* [Aim of the task]: This exercise calls for retyping every line below exactly, with the images omitted.

[Records from a data source]
-- Opening Marker --
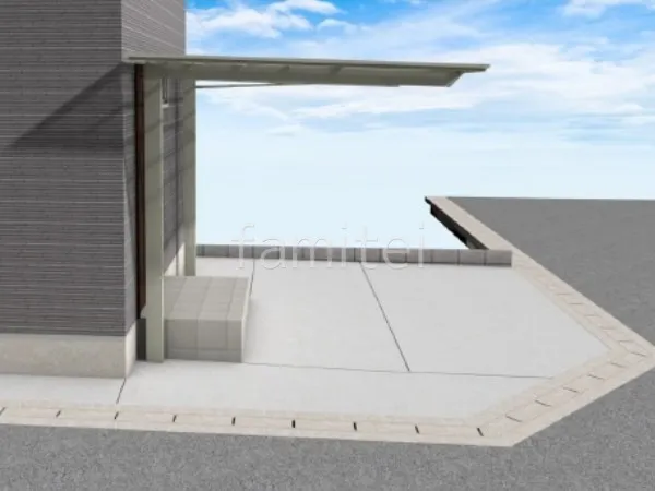 駐車スペースに1台用カーポート LIXIL フーゴFを設置し、逆勾配タイプを採用することで雨水などが家側に流れにくくなり、車を雨や日差しからしっかり保護します。 また、土間コンクリートを施工することで、耐久性を上げ、安定した足場を提供します。 そして、ベランダには2Fベランダ屋根 YKKAP ソラリアFを設置し、雨の日でも快適に利用できるスペースを作りました。
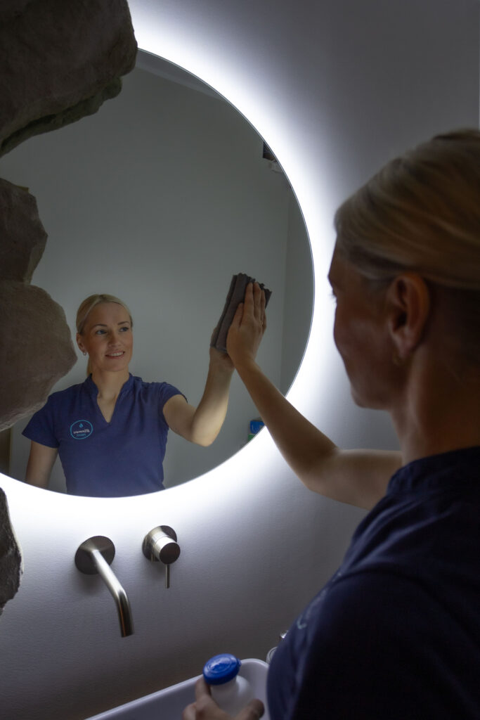 Töö algab raamivahede puhastamisest pintsliga ja tolmuimejaga. Seejärel puhastatakse raamid, kantakse lahus klaasile, töödeldakse pind ning kuivatatakse kummiga pikkade ühtlaste liigutustega. Vajadusel poleeritakse viimane niiskus kuiva mikrokiudlapiga. „Triibuvaba akna saladus peitub õiges lahuses ja tehnikas,“ võtab Ragne kokku.
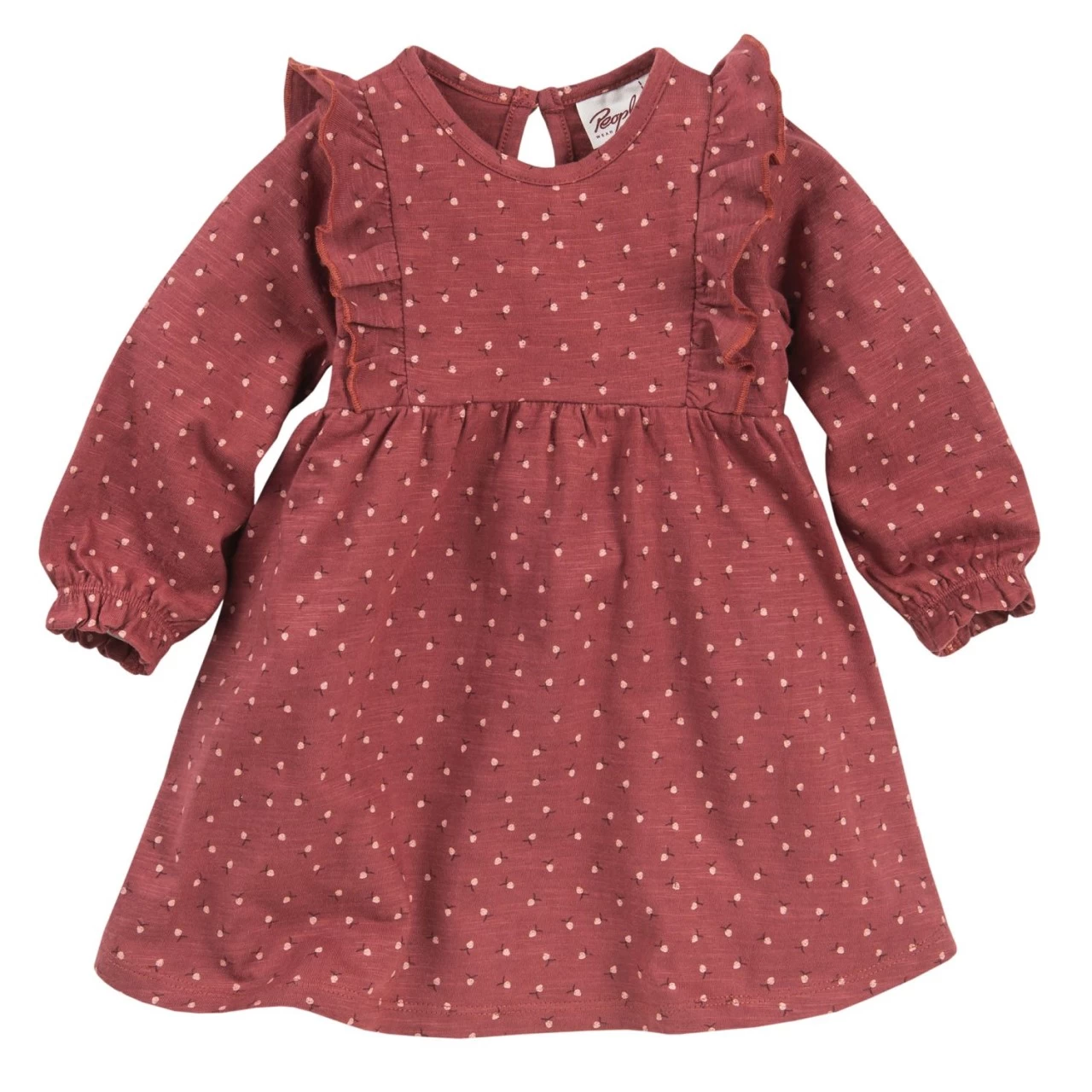 People Wear Organic Langarmkleid dunkelrot mit Druck „kleine Beeren“ aus Bio-Baumwolle
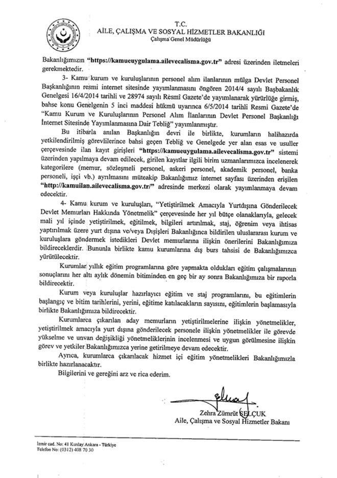 3- Kamu kurum ve kuruluşlarının personel alım ilanları Bakanlığın web sayfası üzerinden yayımlanmaya devam edecektir.
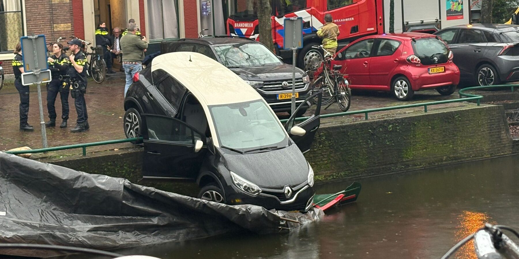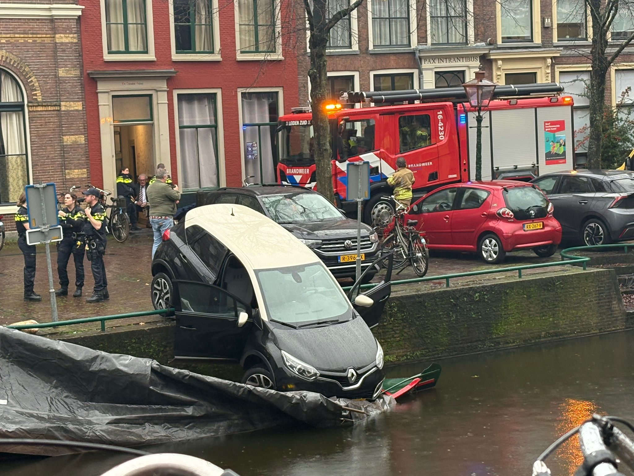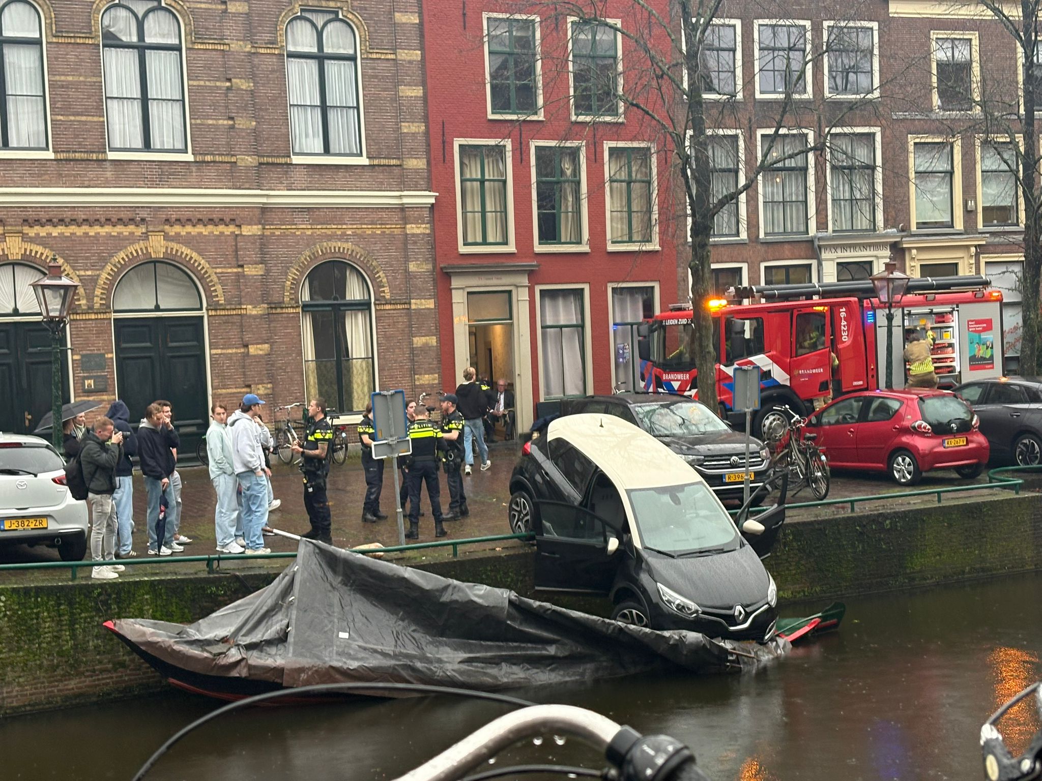 Een automobilist en zijn bijrijder zijn in Leiden vrijdagmiddag met de schrik vrijgekomen. Bij het parkeren schoot de auto door richting het water, waar het voertuig met geluk op een boot terecht kwam. De twee inzittenden zijn met behulp van omstanders uit de auto bevrijd.
-- Closing Marker --
* [Written solution]:
 駐車スペースに1台用カーポート LIXIL フーゴFを設置し、逆勾配タイプを採用することで雨水などが家側に流れにくくなり、車を雨や日差しからしっかり保護します。 また、土間コンクリートを施工することで、耐久性を上げ、安定した足場を提供します。 そして、ベランダには2Fベランダ屋根 YKKAP ソラリアFを設置し、雨の日でも快適に利用できるスペースを作りました。
 Töö algab raamivahede puhastamisest pintsliga ja tolmuimejaga. Seejärel puhastatakse raamid, kantakse lahus klaasile, töödeldakse pind ning kuivatatakse kummiga pikkade ühtlaste liigutustega. Vajadusel poleeritakse viimane niiskus kuiva mikrokiudlapiga. „Triibuvaba akna saladus peitub õiges lahuses ja tehnikas,“ võtab Ragne kokku.
 People Wear Organic Langarmkleid dunkelrot mit Druck „kleine Beeren“ aus Bio-Baumwolle
 3- Kamu kurum ve kuruluşlarının personel alım ilanları Bakanlığın web sayfası üzerinden yayımlanmaya devam edecektir.
 Een automobilist en zijn bijrijder zijn in Leiden vrijdagmiddag met de schrik vrijgekomen. Bij het parkeren schoot de auto door richting het water, waar het voertuig met geluk op een boot terecht kwam. De twee inzittenden zijn met behulp van omstanders uit de auto bevrijd.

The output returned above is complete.